▸ Work order
From the line containing "- 5 сердец 78 см на атласных лентах." to the line containing "交易所2025年6月4日公布" in the records below, set down every line exactly as it stands, both ends included, and skip the pictures.

##### Extracted data #####

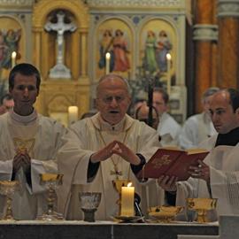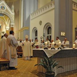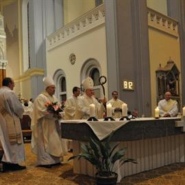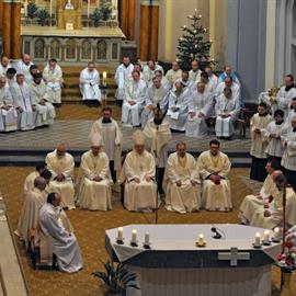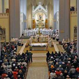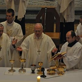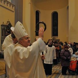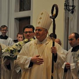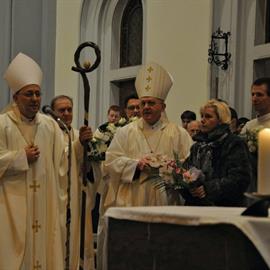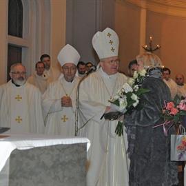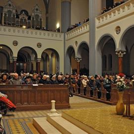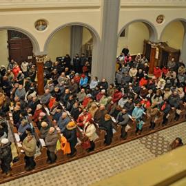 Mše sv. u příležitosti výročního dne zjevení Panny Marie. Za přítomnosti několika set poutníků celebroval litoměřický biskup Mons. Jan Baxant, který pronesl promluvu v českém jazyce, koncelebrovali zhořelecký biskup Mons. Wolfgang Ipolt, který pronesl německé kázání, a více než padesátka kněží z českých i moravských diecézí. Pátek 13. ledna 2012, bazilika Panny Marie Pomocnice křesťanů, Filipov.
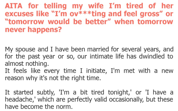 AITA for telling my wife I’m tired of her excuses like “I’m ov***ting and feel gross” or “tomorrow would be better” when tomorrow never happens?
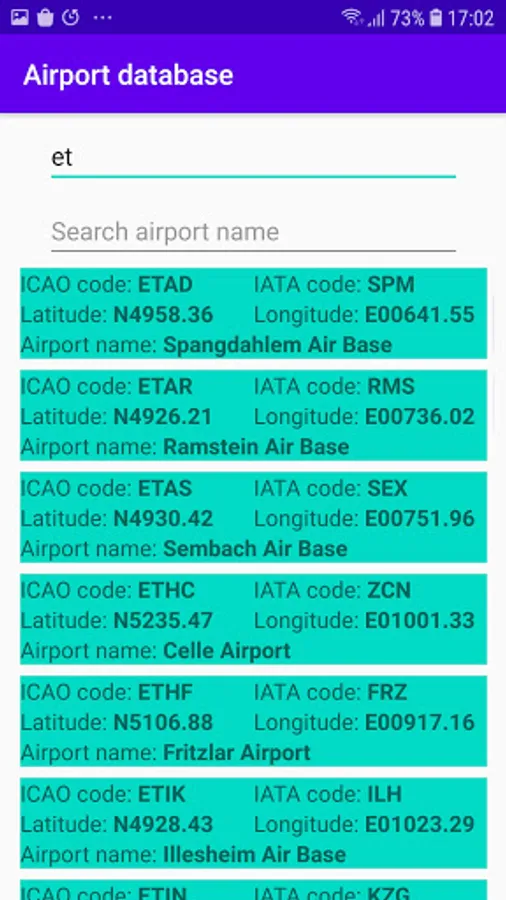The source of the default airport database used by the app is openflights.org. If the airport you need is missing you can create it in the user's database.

#####
##### Extracted data #####

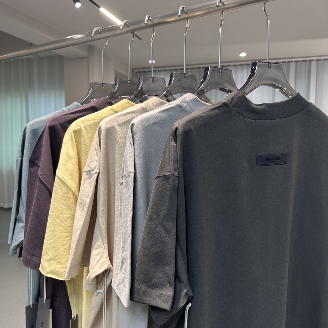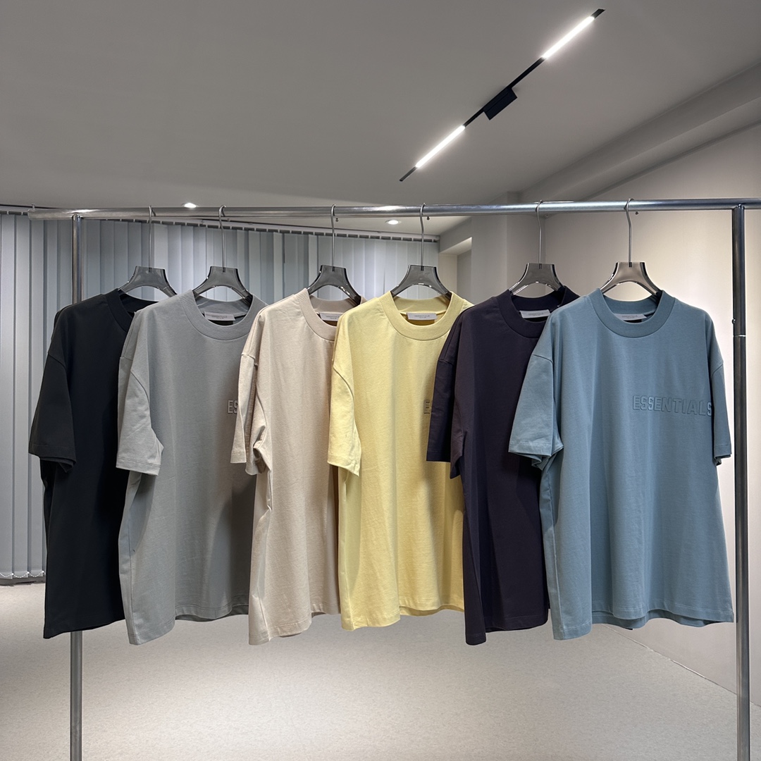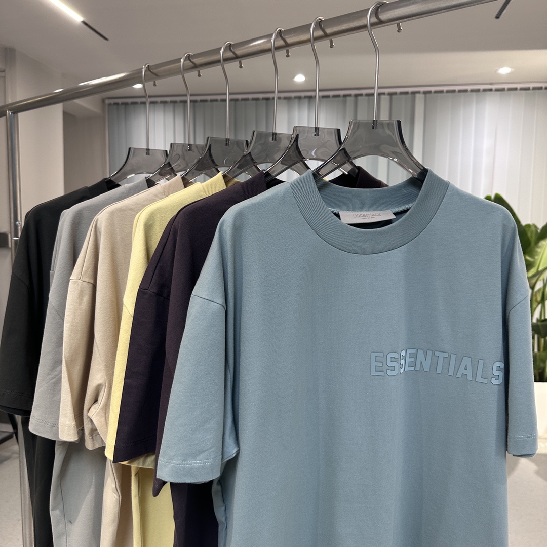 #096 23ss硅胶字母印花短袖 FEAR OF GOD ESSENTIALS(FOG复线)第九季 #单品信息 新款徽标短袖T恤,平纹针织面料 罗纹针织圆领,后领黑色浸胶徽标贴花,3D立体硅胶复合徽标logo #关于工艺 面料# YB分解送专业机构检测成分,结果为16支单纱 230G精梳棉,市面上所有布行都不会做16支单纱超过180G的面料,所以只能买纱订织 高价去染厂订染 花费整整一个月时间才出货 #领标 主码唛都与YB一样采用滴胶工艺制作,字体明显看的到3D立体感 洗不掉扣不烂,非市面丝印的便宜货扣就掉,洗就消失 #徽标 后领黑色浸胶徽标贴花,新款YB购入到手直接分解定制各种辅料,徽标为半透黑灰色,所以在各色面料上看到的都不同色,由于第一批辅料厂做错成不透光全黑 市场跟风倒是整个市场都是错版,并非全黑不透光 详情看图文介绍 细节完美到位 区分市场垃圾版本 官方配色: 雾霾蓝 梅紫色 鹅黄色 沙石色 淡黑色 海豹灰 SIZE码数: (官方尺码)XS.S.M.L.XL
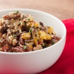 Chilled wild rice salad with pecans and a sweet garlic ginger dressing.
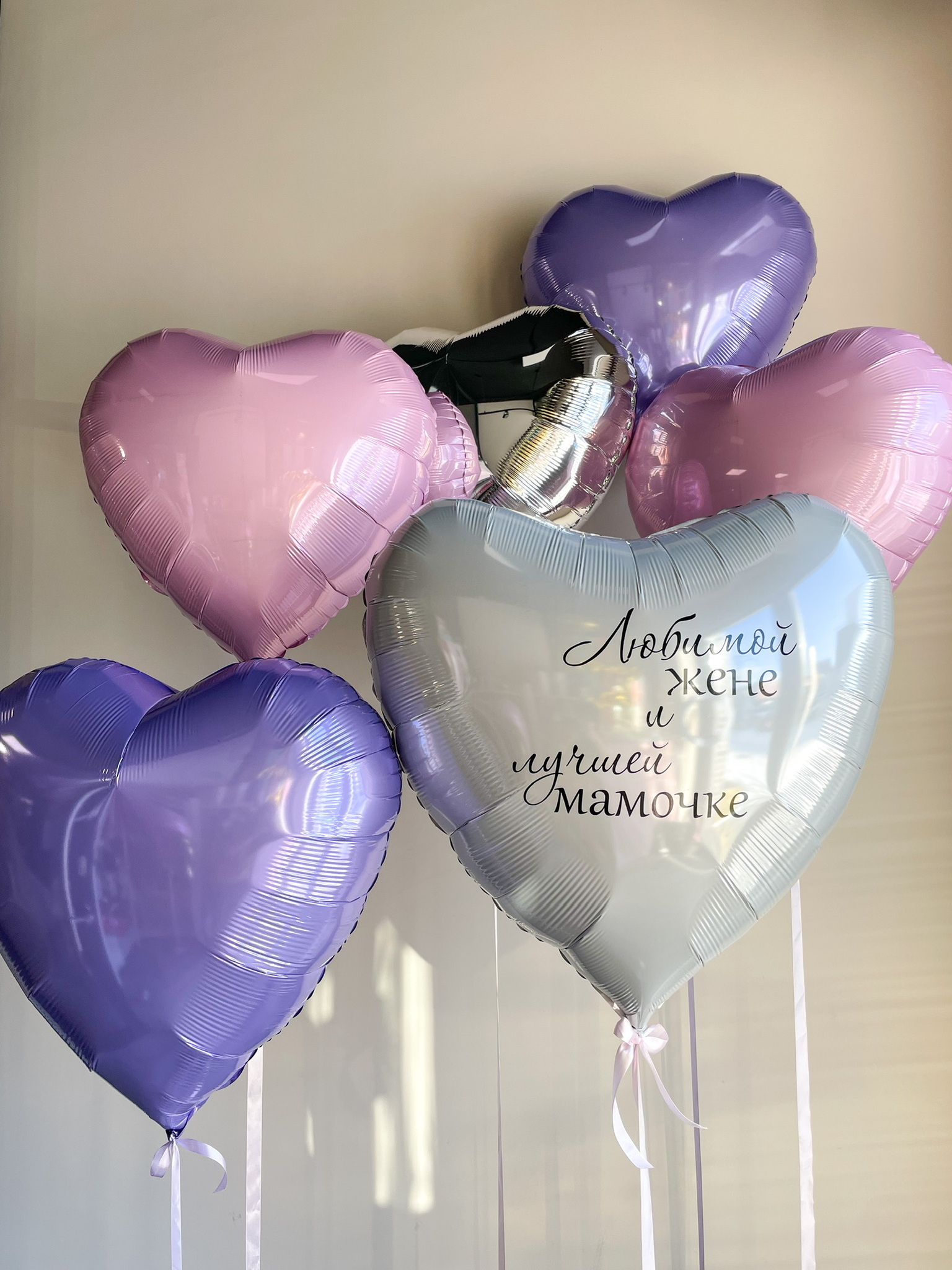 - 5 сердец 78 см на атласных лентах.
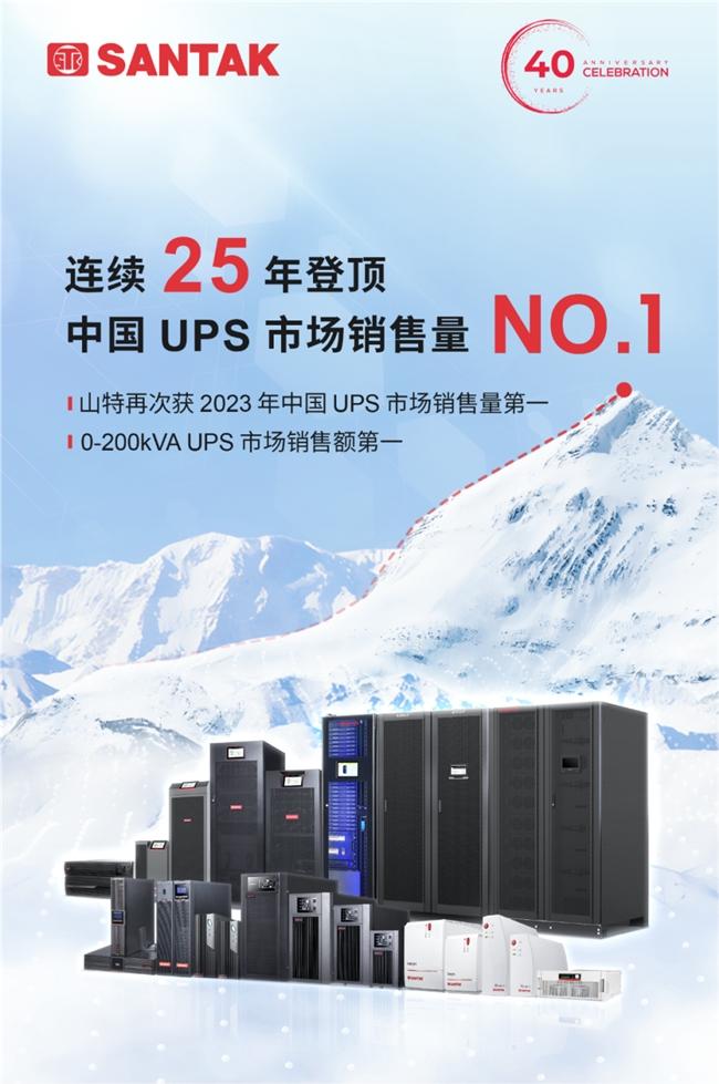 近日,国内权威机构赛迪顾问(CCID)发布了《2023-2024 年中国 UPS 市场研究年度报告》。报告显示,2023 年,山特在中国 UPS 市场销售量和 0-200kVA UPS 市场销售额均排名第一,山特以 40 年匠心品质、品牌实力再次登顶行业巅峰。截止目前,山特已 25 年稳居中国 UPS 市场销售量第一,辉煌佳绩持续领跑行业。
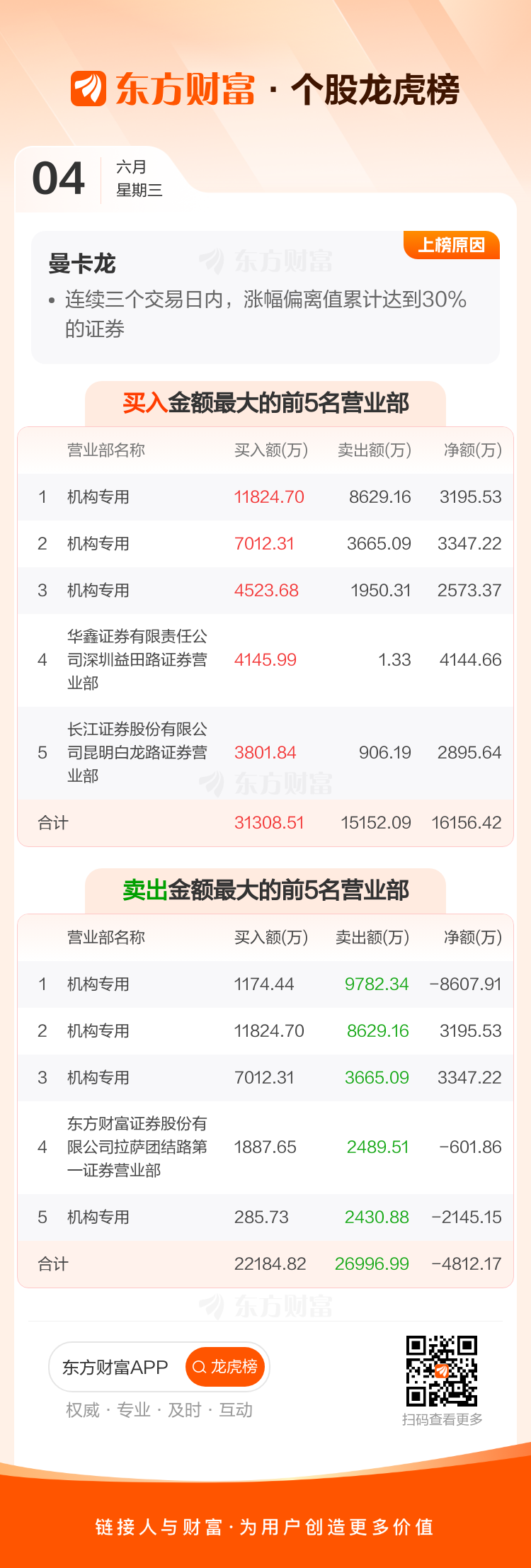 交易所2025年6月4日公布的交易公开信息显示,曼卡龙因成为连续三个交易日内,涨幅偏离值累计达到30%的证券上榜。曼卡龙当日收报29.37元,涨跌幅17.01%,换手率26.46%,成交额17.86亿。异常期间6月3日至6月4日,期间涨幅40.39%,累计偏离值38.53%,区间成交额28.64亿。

#####

▸ Result
 - 5 сердец 78 см на атласных лентах.
 近日,国内权威机构赛迪顾问(CCID)发布了《2023-2024 年中国 UPS 市场研究年度报告》。报告显示,2023 年,山特在中国 UPS 市场销售量和 0-200kVA UPS 市场销售额均排名第一,山特以 40 年匠心品质、品牌实力再次登顶行业巅峰。截止目前,山特已 25 年稳居中国 UPS 市场销售量第一,辉煌佳绩持续领跑行业。
 交易所2025年6月4日公布的交易公开信息显示,曼卡龙因成为连续三个交易日内,涨幅偏离值累计达到30%的证券上榜。曼卡龙当日收报29.37元,涨跌幅17.01%,换手率26.46%,成交额17.86亿。异常期间6月3日至6月4日,期间涨幅40.39%,累计偏离值38.53%,区间成交额28.64亿。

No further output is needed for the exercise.